Folks with a Reformation twist to their heritage will see evidence in this book that Glynn is indeed a Roman Catholic who’s now returned from that atheistic far country. Any signal of the supernatural that scientists are finding (e.g., the healing value of faith, “any kind of faith,” the documented healthy consequences of practicing the “ethics of Jesus”) has him turning cartwheels. Well, almost. Granted, what he shows us is not to be pooh-poohed. But it’s still a stretch to get from scientists “finding room for God” all the way over to faith in a crucified and risen Messiah.

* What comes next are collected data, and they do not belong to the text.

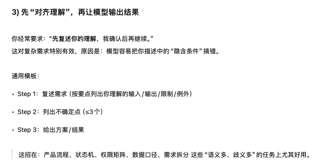 – 设计逻辑:这就像工作中一样,老板开会结束后通常都会问这么一句,来确保大家信息是对齐的,我们和大模型的关系也同样。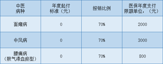 职工医保参保人在我市定点医疗机构门诊使用中医适宜技术治疗面瘫病、中风病、腰痛病(限气滞血瘀型)产生的诊疗服务费纳入医保基金支付范围。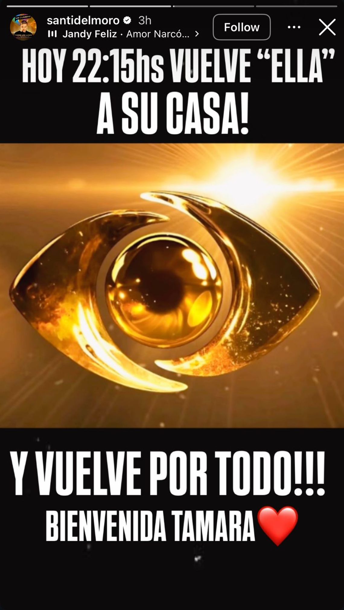 “Hoy 22.15 ¡vuelve ‘ELLA’ a su casa! ¡Y vuelve por todo!”, expresó el conductor en redes sociales. Minutos después, despejó cualquier duda: “Bienvenida Tamara”. Así, se puso fin a los rumores y se oficializó el regreso de una de las figuras más recordadas del programa.

In Lutheran lingo the stuff Glynn gleans from postsecular scientists is data about deus absconditus, the hidden God. Not hidden so that there are no signals from this deity. Yes, signals aplenty. But signals that this deity is merciful to sinners? No. Even if the world out there is not “all red in tooth and claw,” the evidence for messages of mercy and rumors of redemption are either non-existent, or at best very ambiguous. If “science is uncovering the Face of God,” there is still a veil over the face’s that’s been detected.

But you can build Christian (=Christ-specific) bridges to those data. Someone way back in Christian history [2 Corinthians 3] once put it this way: “The veil remains unlifted, because only through Christ is it taken away.” That’s our next agenda.